B and C macros look similar, with only 2 underscores, the difference being that the former is used for local data declarations, which are declared on global data and can be placed in the. Data segment

Some of the key data structures in multiprocessor architectures are declared using cacheline_aligned, such as:

//Linux+v3.1.1/arch/ia64/kernel/numa.c#l27U16 Cpu_to_node_map[nr_cpus] __cacheline_aligned;
This prevents each CPU from causing false sharing when it reads and writes to its own map.

CPU performance Explore-linux cache mechanism

Contact Us

The content source of this page is from Internet, which doesn't represent Alibaba Cloud's opinion; products and services mentioned on that page don't have any relationship with Alibaba Cloud. If the content of the page makes you feel confusing, please write us an email, we will handle the problem within 5 days after receiving your email.

If you find any instances of plagiarism from the community, please send an email to: info-contact@alibabacloud.com and provide relevant evidence.
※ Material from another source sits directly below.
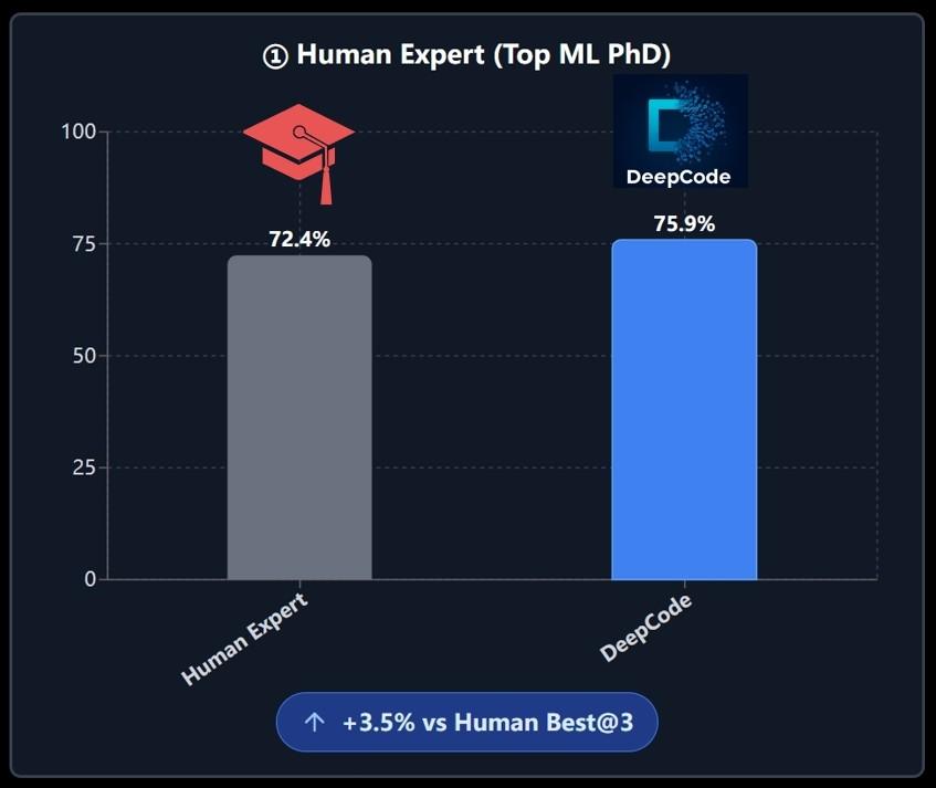 在OpenAI发布的PaperBench基准测试中,DeepCode的总体准确率为75.9%,超过参与评测的人类专家组72.4%的成绩。

A staff member will contact you within 5 working days.

A Free Trial That Lets You Build Big!

Start building with 50+ products and up to 12 months usage for Elastic Compute Service

  • Sales Support

    1 on 1 presale consultation

  • After-Sales Support

    24/7 Technical Support 6 Free Tickets per Quarter Faster Response

  • Alibaba Cloud offers highly flexible support services tailored to meet your exact needs.